A dynamic graph can be represented as an ordered list or asynchronous “stream” of timed events, such as additions or deletions of nodes and edges [1]. A social network like Twitter is a good illustration to keep in mind: when a person joins the platform, a new node is created. When they follow another user, a follow edge is created. When they change their profile, the node is updated.

This stream of events is ingested by an encoder neural network that produces a time-dependent embedding for each node of the graph. The embedding can then be fed into a decoder that is designed for a specific task. One example task is predicting future interactions by trying to answer the question: what is the probability of having an edge between nodes *i* and *j* at time *t*? The ability to answer this question is crucial to recommendation systems that e.g. suggest social network users whom to follow or decide which content to display. The following figure illustrates this scenario:

The key piece in the above setup is the encoder that can be trained with any decoder. On the aforementioned task of future interaction prediction, the training can be done in a self-supervised manner: during each epoch, the encoder processes the events in chronological order and predicts the next interaction based on the previous ones [2].

Temporal Graph Network (TGN) is a general encoder architecture we developed at Twitter with colleagues Fabrizio Frasca, Davide Eynard, Ben Chamberlain, and Federico Monti [3]. This model can be applied to various problems of learning on dynamic graphs represented as a stream of events. In a nutshell, a TGN encoder acts by creating compressed representations of the nodes based on their interactions and updates them upon each event. To accomplish this, a TGN has the following main components:

**Memory. **The memory stores the states of all the nodes, acting as a compressed representation of the node’s past interactions. It is analogous to the hidden state of an RNN; however, here we have a separate state vector *s**ᵢ*(*t*) for each node *i*. When a new node appears, we add a corresponding state initialised as a vector of zeros. Moreover, since the memory for each node is just a state vector (and not a parameter), it can also be updated at test time when the model ingests new interactions.

**Message Function **is the main mechanism of updating the memory. Given an interaction between nodes *i* and *j* at time *t*, the message function computes two messages (one for *i* and one for *j*) , which are used to update the memory. This is analogous to the messages computed in message-passing graph neural networks [4]. The message is a function of the memory of nodes *i* and *j* at the instance of time *t⁻ *preceding the interaction, the interaction time *t*, and the edge features [5]:

**Memory Updater** is used to update the memory with the new messages. This module is usually implemented as an RNN.

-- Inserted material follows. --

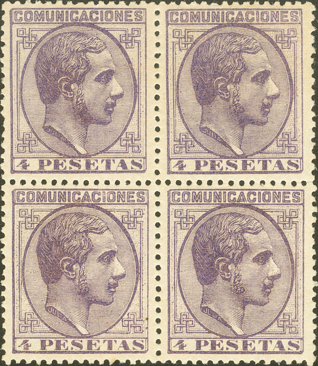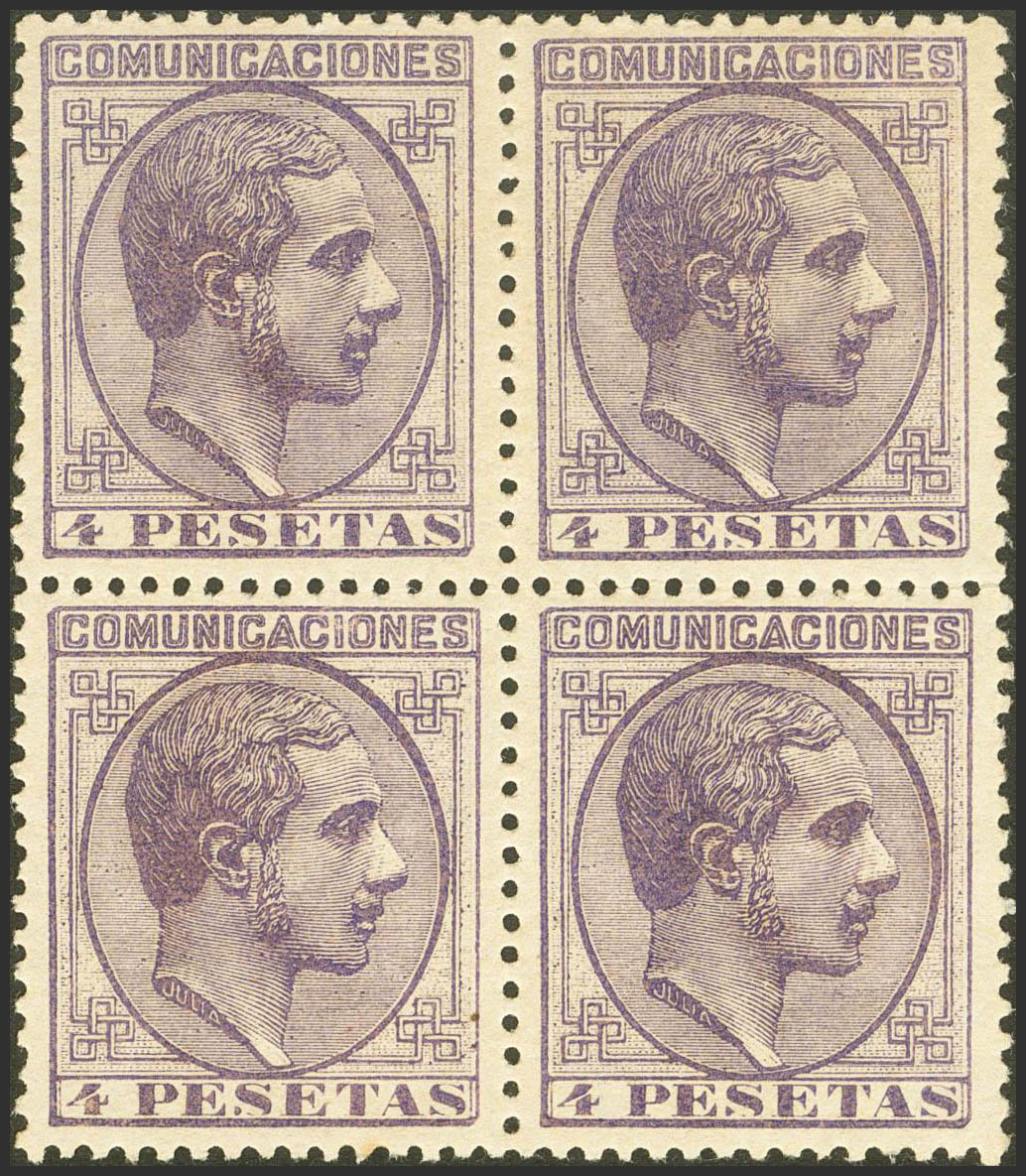 ★ 198(4). 1878. 4 pts violeta, bloque de cuatro. Color intenso y excelente centraje. MAGNIFICO Y RARO EN ESTA EXCEPCIONAL CALIDAD. Cert. GRAUS.

Given that the memory of a node is a vector updated over time, the most straightforward approach is to use it directly as the node embedding. In practice, however, this is a bad idea due to the *staleness* problem: given that the memory is updated only when a node is involved in an interaction, a long period of inactivity of a node causes its memory to go out of date. As an illustration, think of a user staying off Twitter for a few months. When the user returns, they might have already developed new interests in the meantime, so the memory of their past activity is no more relevant. We therefore need a better way to compute the embeddings.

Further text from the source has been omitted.